December 13, 2021 by Dan McCue
Census Finds Tiny Hartville, Missouri, ‘Center of US Population’
Hartville, Missouri. (Photo by Brian Stannsberry) via Wikimedia Commons)

WASHINGTON — For all the talk of census data, redistricting, gerrymandering and other things that divide us, it’s nice to learn that the statistics revealed one enduring truth about America: No matter how big and diverse the United States becomes – as of last April there were 331.4 million of us and counting – at its heart it seems there’s always a small town.

Just as the holiday season got underway, the U.S. Census Bureau announced the latest example is Hartville, Missouri, an Ozarks mountain town of 594 residents that statistically speaking lies just 14.6 miles from the center of the country.

One might ask, “What’s the significance?”

To begin with, determining the actual “center” of the population is something the Census Bureau has calculated since the very first national head count in 1790.


In theory the calculation is intended to help demographers, surveyors and local governments keep tabs on the direction the nation’s population is flowing and how fast migration within states and state-to-state is occurring.

In 1790, for instance, the population center of the country was in Kent County, Maryland, 23 miles east of Baltimore. The center has moved west and gradually southward ever since, though since 1980, at least, it’s been somewhere in Missouri.

“The movement of the center of population helps tell the story of this century’s migration South and West,” said Ron Jarmin, the Census Bureau’s acting director, in a written statement. “It helps visualize where we live.”

In the 19th Century the population moved steadily westward as the population expanded, with the largest movements by miles occurring between 1850 and 1890, when events like the Gold Rush in California and land speculation in places like Oklahoma pulled people toward the western horizon.

More recently the center has been trending more southwestward as people from the Northeast and Midwest have migrated toward the Sun Belt.
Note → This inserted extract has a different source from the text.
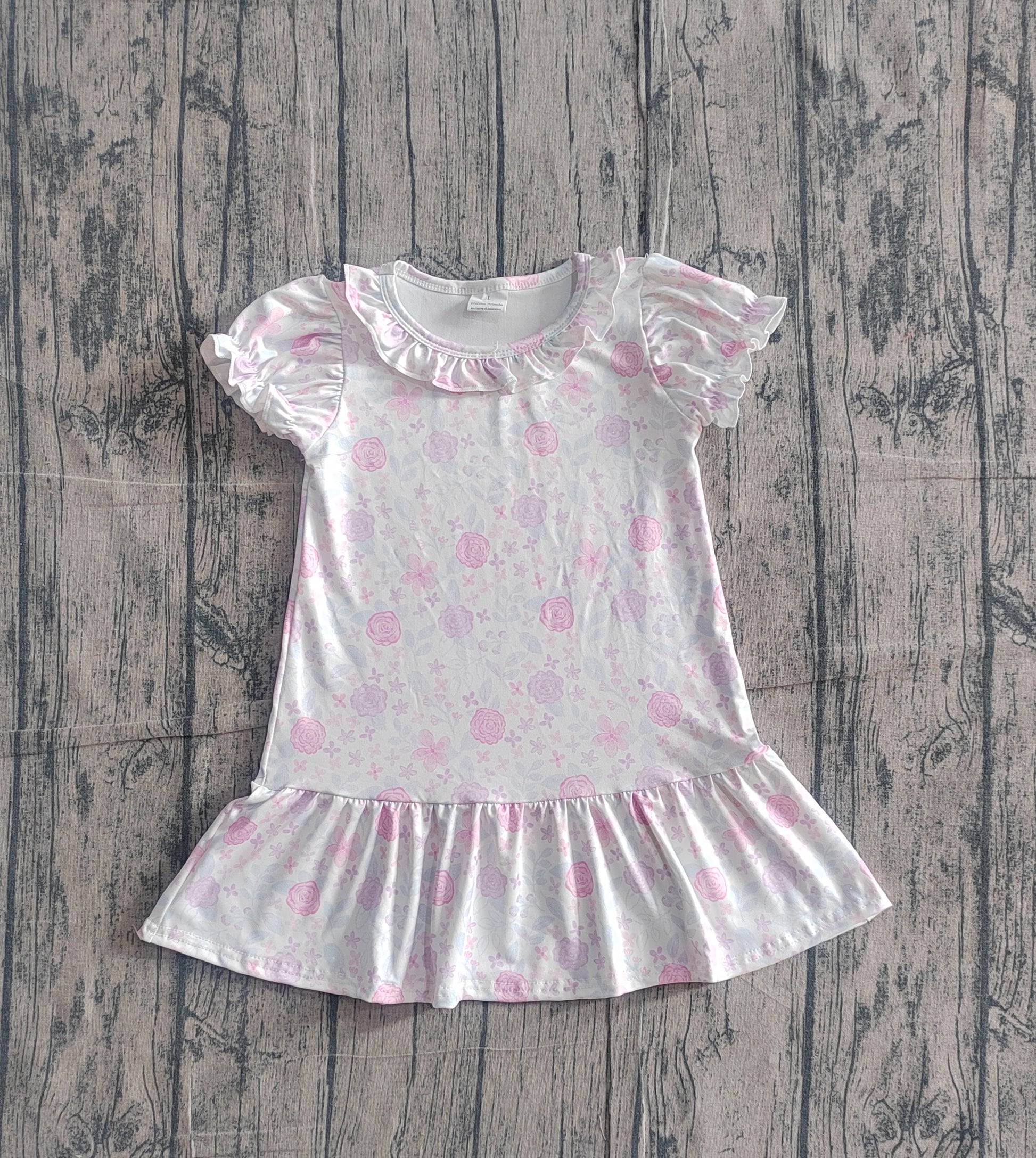 (Pre-order)GSD3717 Flowers Print Girls Summer Knee Length Dress

Hartville, the county seat of Wright County, Missouri, is located in the south-central part of the state. 

The community was settled in the early 19th Century and became part of the regular route of the U.S. Postal Service in 1842. Much of the original town, however, was destroyed in 1863 during the clash of Confederate and Union troops at the Battle of Hartville.

Though the town rebuilt, its work defined by the low-slung brick buildings one sees in the quiet town today, in 1959 Hartville was devastated anew, this time by a massive tornado that ripped through the downtown business district.

The Grovespring Tornado in 1959 destroyed most of Hartville’s business district, including the post office. There were no major injuries since a warning alarm had given residents time to take cover

Today, people of Hartville describe their community as the kind of place where everyone knows and looks out for each other.

Pastor Melvin Moon, a Hartville City Council member, told Associated Press he hopes the designation by the Census Bureau inspires a tourism boom for the small town, which has long been defined by its Civil War history and antique shops.

“We are truly the heart of America,” Moon told the wire service. “This small town represents what’s great about America still: People are neighbors, people take time for each other and they help each other.”

Next spring, Hartville is expected to receive a celebratory survey monument from the National Geodetic Survey, a division of the National Oceanic and Atmospheric Administration.


For now, Hartville Mayor Rob Tucker is just happy for the distinction. 

“It’s a great feeling to live in Hartville. It has always been a town with a big heart and is now the heart of America,” he said in a statement distributed by the Census Bureau.